→ Problem to solve:
All of the entries are to be repeated exactly, with no pictures included.

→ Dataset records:
=== Section Start ===
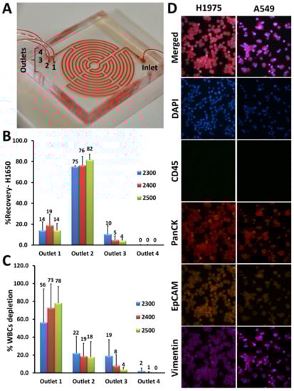 Optimization of Labyrinth for cell recovery. (A) The Labyrinth was loaded with red dye to show the device’s structure as well as the inlet and outlets. (B,C) Using the H1650 lung cancer cell line, different flow rates ranging from 2300–2500 μL/min were tested for inertial separation of cancer cells. Pre-labeled H1650 cell line and DAPI (4′,6-diamidino-2-phenylindole)-labeled white blood cells (WBCs) (1000 cells) were spiked into PBS and processed through the Labyrinth. Using a flow rate of 2500 μL/min, 82% ± 5% of H1650 cells were recovered from outlet #2 and 78% ± 18% of WBCs were removed through outlet #1. (D) Immunofluorescence staining optimization. Anti-human CD45 (cluster of differentiation 45) (green), anti-human PanCK (pan-Cytokeratin) (red), anti-human EpCAM (Epithelial cell adhesion molecule) (orange), and anti-human Vimentin (pink) antibodies were tested with lung cancer cell lines, H1975 and A549.
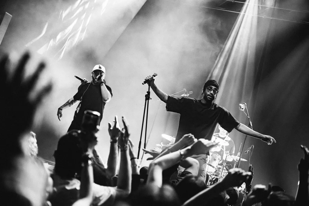 Rap et punk, drôle de combinaison musicale certains diront. Il s’agit pourtant une formule mêlant des composants, tous dignes du boom d’un orage d’été. C’est en balançant STATE (OF U) dès la première minute que les spectateurs ont rapidement compris que le moment qui suivrait allait être haut en rebondissements. Et dans une atmosphère plus détendue, en mode punk-rock, les six membres du groupe britannique ont interprété TOOTHSKIN.
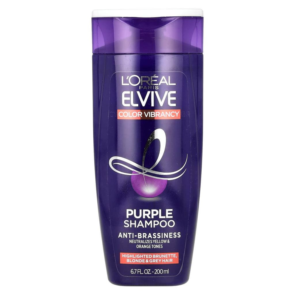 Partially dyed brown, blonde, and gray hair can lighten or even turn a tan over time. Elvive Purple Shampoo is fortified with purple pigment. The color-correcting formula neutralizes unwanted yellow and orange tones, helping to keep your hair color vibrant.
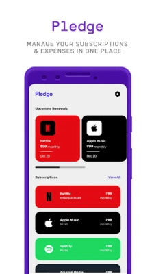 Pledge is a subscription manager which can help you to manage and track your subscriptions. It has a prebuilt list comprising popular services like Netflix, Spotify, Apple Music and more.
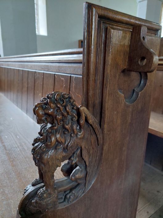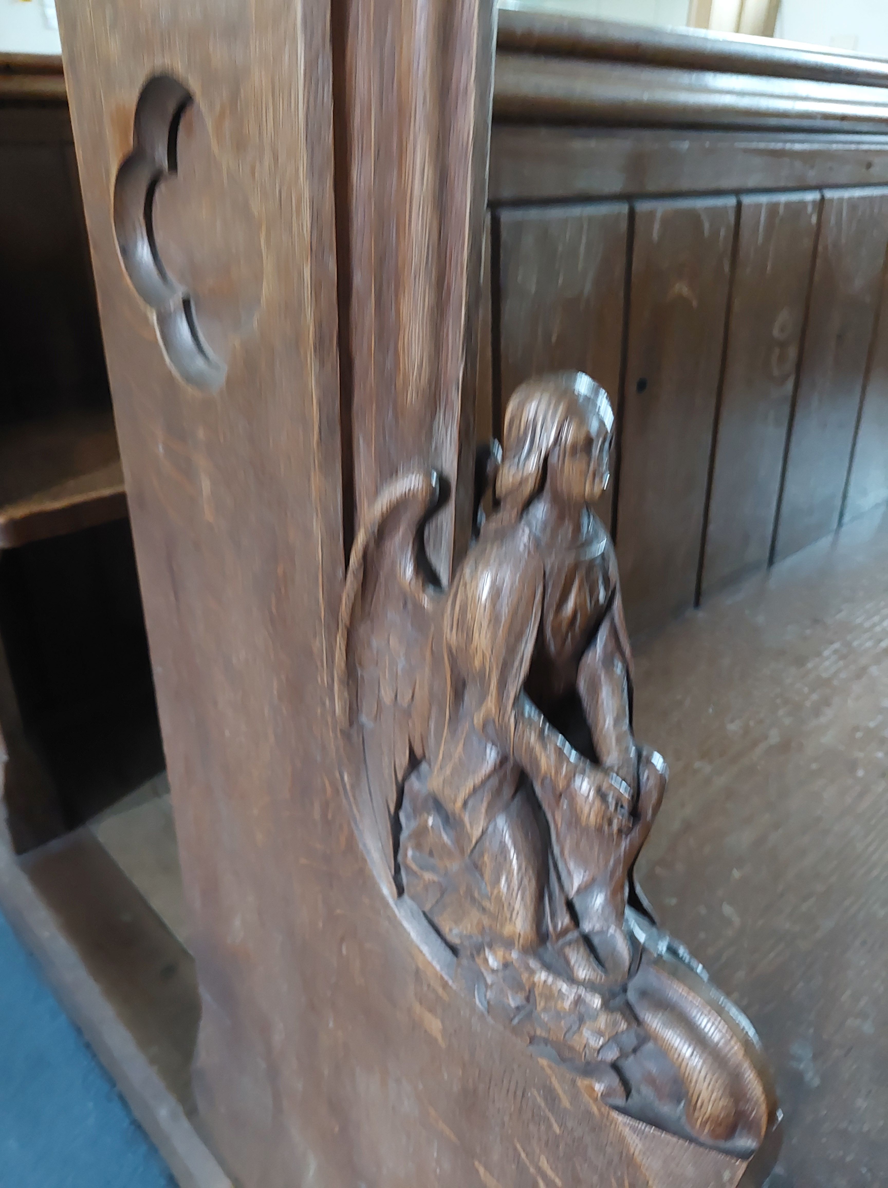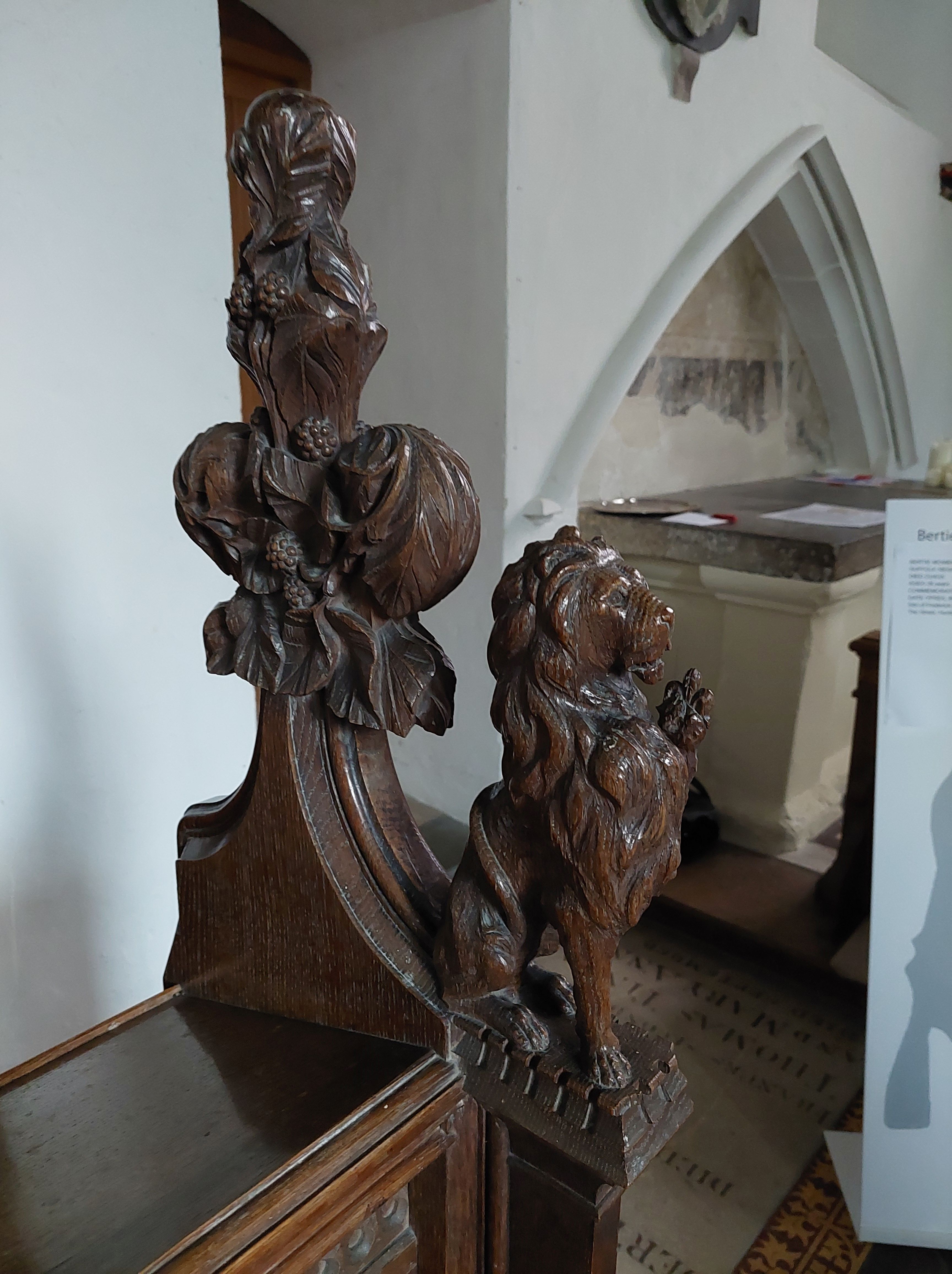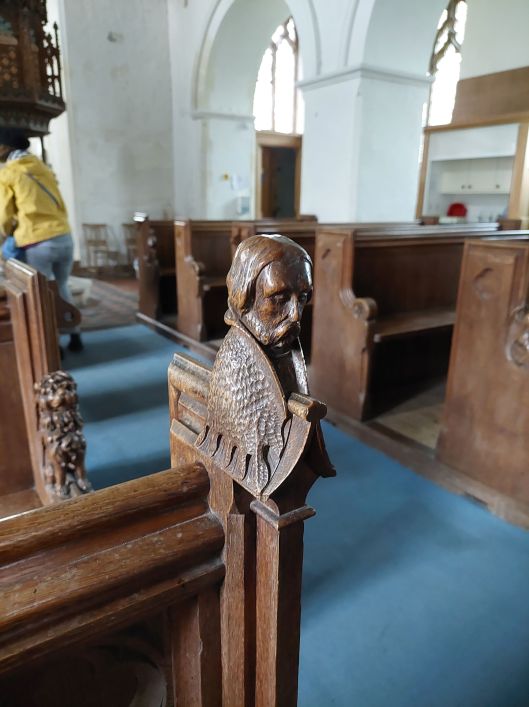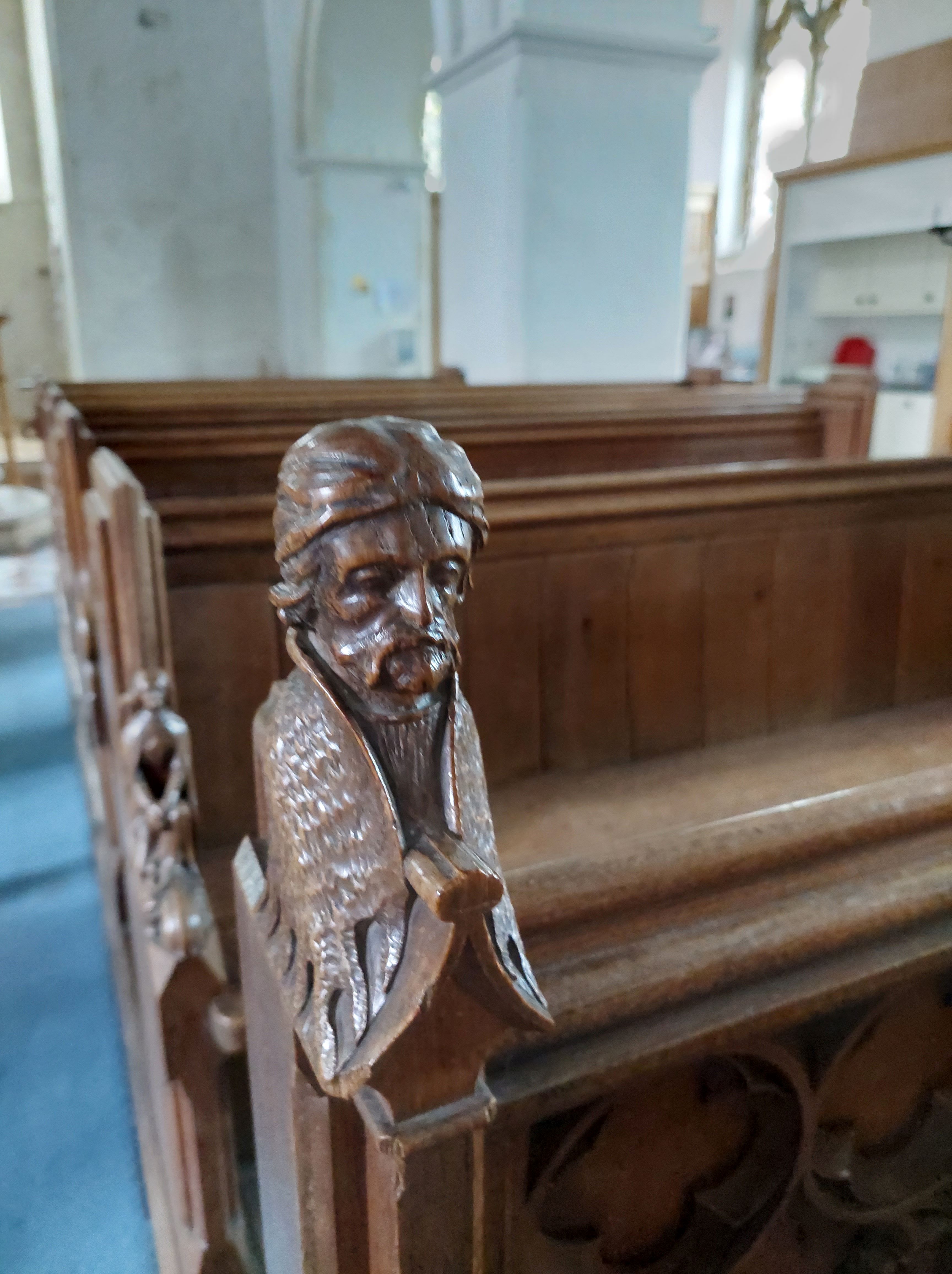 - Face carved on pulpit
=== Section End ===
→ Solution for this task:
 Optimization of Labyrinth for cell recovery. (A) The Labyrinth was loaded with red dye to show the device’s structure as well as the inlet and outlets. (B,C) Using the H1650 lung cancer cell line, different flow rates ranging from 2300–2500 μL/min were tested for inertial separation of cancer cells. Pre-labeled H1650 cell line and DAPI (4′,6-diamidino-2-phenylindole)-labeled white blood cells (WBCs) (1000 cells) were spiked into PBS and processed through the Labyrinth. Using a flow rate of 2500 μL/min, 82% ± 5% of H1650 cells were recovered from outlet #2 and 78% ± 18% of WBCs were removed through outlet #1. (D) Immunofluorescence staining optimization. Anti-human CD45 (cluster of differentiation 45) (green), anti-human PanCK (pan-Cytokeratin) (red), anti-human EpCAM (Epithelial cell adhesion molecule) (orange), and anti-human Vimentin (pink) antibodies were tested with lung cancer cell lines, H1975 and A549.
 Rap et punk, drôle de combinaison musicale certains diront. Il s’agit pourtant une formule mêlant des composants, tous dignes du boom d’un orage d’été. C’est en balançant STATE (OF U) dès la première minute que les spectateurs ont rapidement compris que le moment qui suivrait allait être haut en rebondissements. Et dans une atmosphère plus détendue, en mode punk-rock, les six membres du groupe britannique ont interprété TOOTHSKIN.
 Partially dyed brown, blonde, and gray hair can lighten or even turn a tan over time. Elvive Purple Shampoo is fortified with purple pigment. The color-correcting formula neutralizes unwanted yellow and orange tones, helping to keep your hair color vibrant.
 Pledge is a subscription manager which can help you to manage and track your subscriptions. It has a prebuilt list comprising popular services like Netflix, Spotify, Apple Music and more.
 - Face carved on pulpit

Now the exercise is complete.